I love Wednesdays! Wednesday seems to be one of the longest days of my week, but I never tire of them. Yes, I spend all day at work looking at spreadsheets and numbers and most Wednesdays I don't even get home until 9 which leaves little time to do anything. But let me say it again...I love Wednesdays. See...every Wednesday after work I head straight to church for worship choir practice and no matter how stressful my day has been or how tired I am or if I'm in a bad mood, God uses that time to bless me and not just bless me a little but give me bountiful blessings! As soon as I get in that room with my church family everything else seems to fade into the distance and I'm encouraged, pushed to grow spiritually, challenged!!! Tonight was no different.

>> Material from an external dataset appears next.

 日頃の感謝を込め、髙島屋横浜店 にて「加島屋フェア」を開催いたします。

Every Wednesday one of the choir/orchestra members gives a short bible study. I was so encouraged by tonight's lesson that I would like to share! I can't take these words and interpretation for my own as they are Jan Kimball's. She read a passage from Psalm 13:

"(1) How long, Lord? Will you forget me forever? How long will you hide your face from me? (2) How long must I wrestle with my thoughts and day after day have sorrow in my heart? How long will my enemy triumph over me? (3) Look on me and answer, Lord my God. Give light to my eyes, or I will sleep in death, (4) and my enemy will say 'I have overcome him,' (5) But I trust in your unfailing love; my heart rejoices in your salvation. (6) I will sing the Lord's praise for he has been good [dealt bountifully] to me."

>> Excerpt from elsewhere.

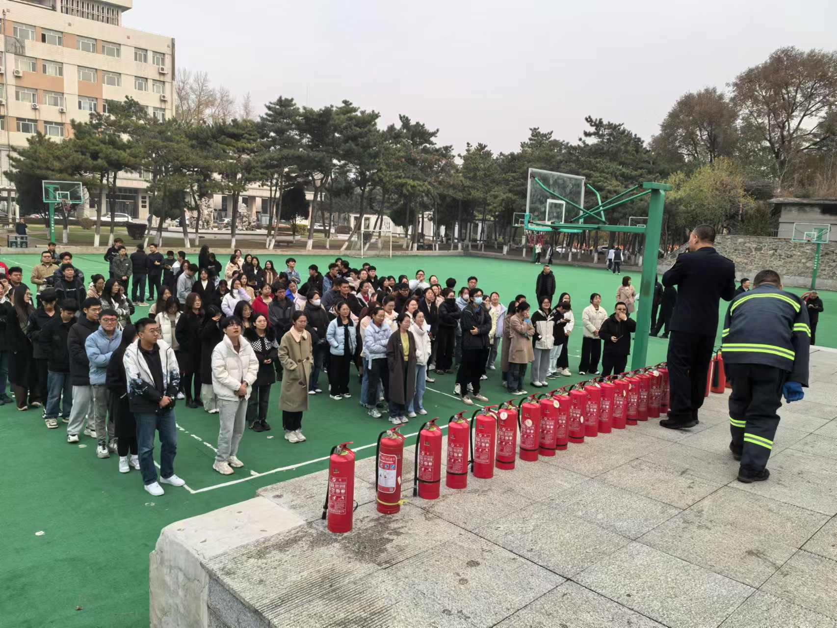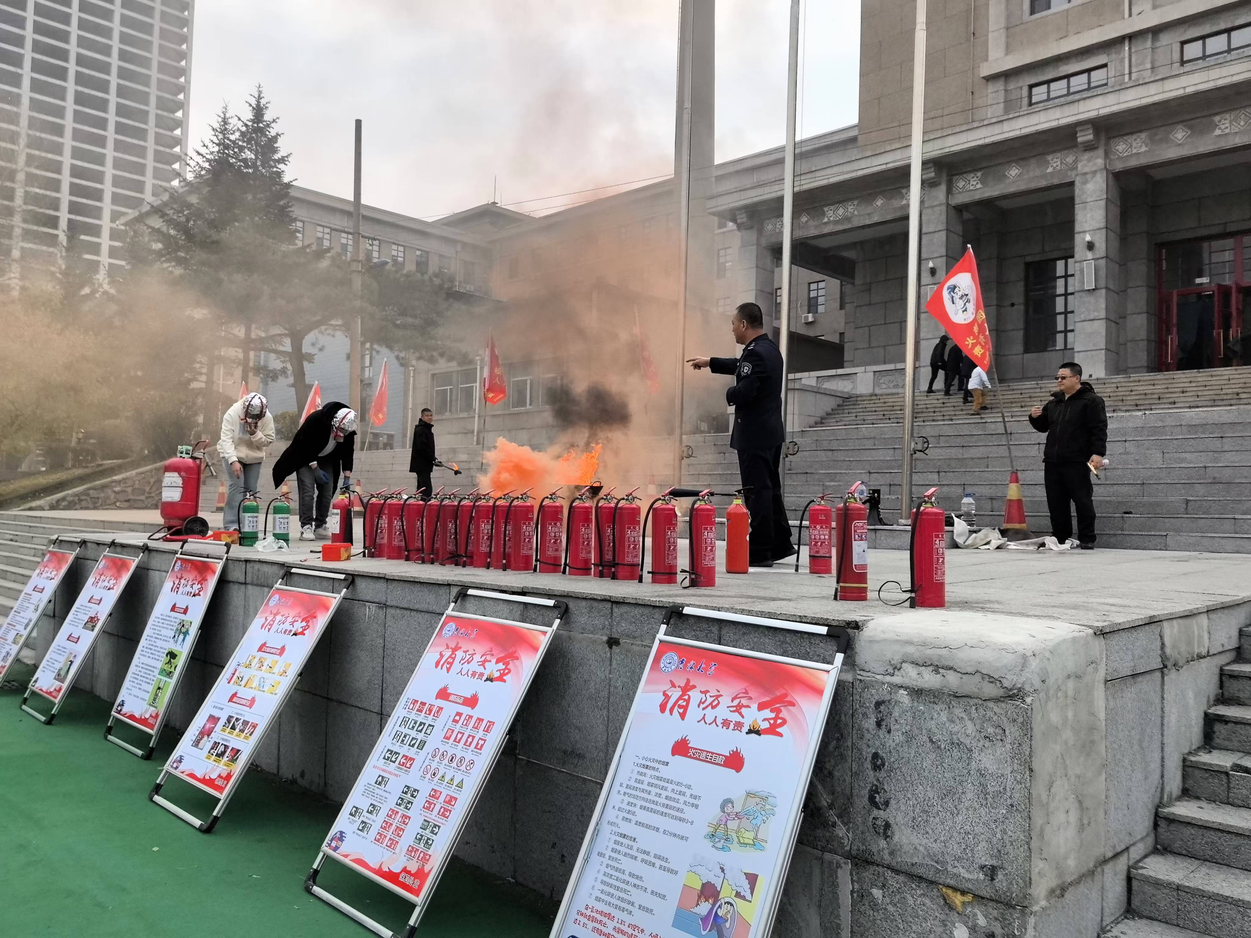实战演习进行了烟雾逃生演练,模拟理化楼内发生“火情”,楼内教职工、学生和后勤人员迅速展开自救,同时疏散引导组成员打开应急疏散逃生门,各楼层组织人员疏散逃生;学校保卫处接到报警后迅速启动《吉林大学消防救援应急预案》,组织保卫人员及时赶到现场进行救援处置,并在北操场举行了灭火实战演。

When reading through the first few books of Psalm I always kind of thought I can related to David. "God why aren't you hearing me? Why do I have sorrow in my life? Why do I experience the things I experience?" Mainly a big woe is me pity party, especially if you consider David's anguish was from the fact that he was on the run and in fear for his life. However, I think most of us can relate to the inner groaning we all feel to understand our life and why things happen the way they do.

My favorite part of Jan's mini bible study this evening was how she pointed out the change in attitude from verses 1-4 compared to verses 5-6. How could David have a change of heart so quickly? He just poured out his heart and candidly asked God how long do I have to endure this? Are you there? Have you forgotten me? Then he changes to rejoicing!! Why? It all stems back to one word: SALVATION!!! David had so much hope that God would rescue him because God had already "dealt bountifully" with him through the gift of Salvation!! Can I get an AMEN!!

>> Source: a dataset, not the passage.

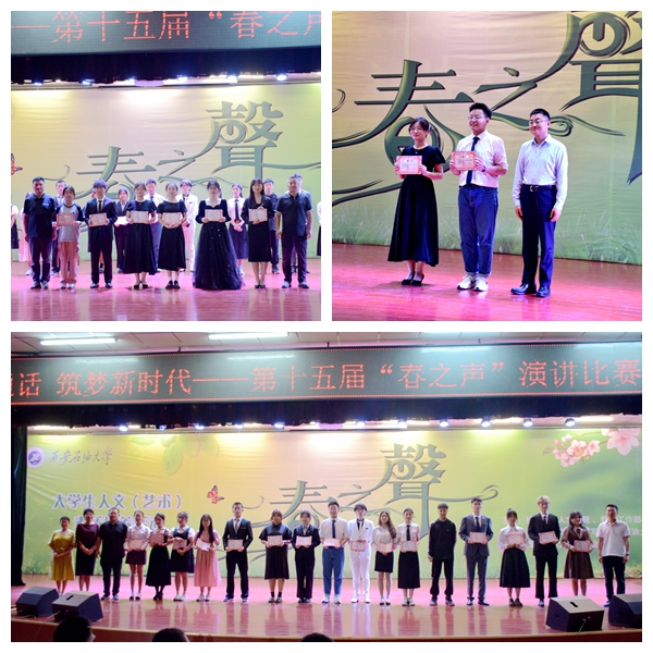 经过激烈角逐,经济管理学院索朗多杰同学的《党的光辉照边疆,边疆人民心向党》,材料科学与工程学院罗静怡同学的《不忘初心,毅开新局》获得了一等奖;经济管理学院高紫纯同学的《用中国式的表达展现国潮中的烟火中国味》,电子工程学院赵雅琪同学的《科技强国,看吾辈青年》等7个节目获得了二等奖;人文学院许小月同学的《今天,普通话有了新名片》,机械工程学院赵胜杰同学的《中国智造,青年当有为》,新能源学院何晓雨同学的《勇担历史使命 能源强国有我》,人文学院卢筱雅同学的《乡村振兴,有你有我》等18个节目获得了三等奖。

Same goes for me. The worldly desires and concerns of my heart pale in comparison to how bountifully God has already blessed me (and I'm not just talking worldly blessings.) I am sinful and dirty and have baggage in my life, yet because God loves me so He wants to give me the greatest blessing of all: Salvation! As I drove home tonight a Mercy Me song came on the radio: Beautiful.


The days will come when you don't have the strength 
When all you hear is you're not worth anything 
Wondering if you ever could be loved 
And if they truly saw your heart they'd see too much 

I'm praying that you have the heart to find 
Cause you are more than what is hurting you tonight 
For all the lies you've held inside so long 
And they are nothing in the shadow of the cross 

Before you ever took a breath 
Long before the world began 
Of all the wonders He possessed 
There was one more precious 
Of all the earth and skys above 
You're the one He madly loves 
Enough to die 

You're beautiful 
You were meant for so much more than all of this 
You're beautiful 
You are treasured, You are sacred, You are His 


Wow! No matter HOW dirty my past is, HOW much baggage I claim, God sees me as beautiful and not only that but treasured, sacred, HIS!!! But only redeemed by His blood. What a great reminder!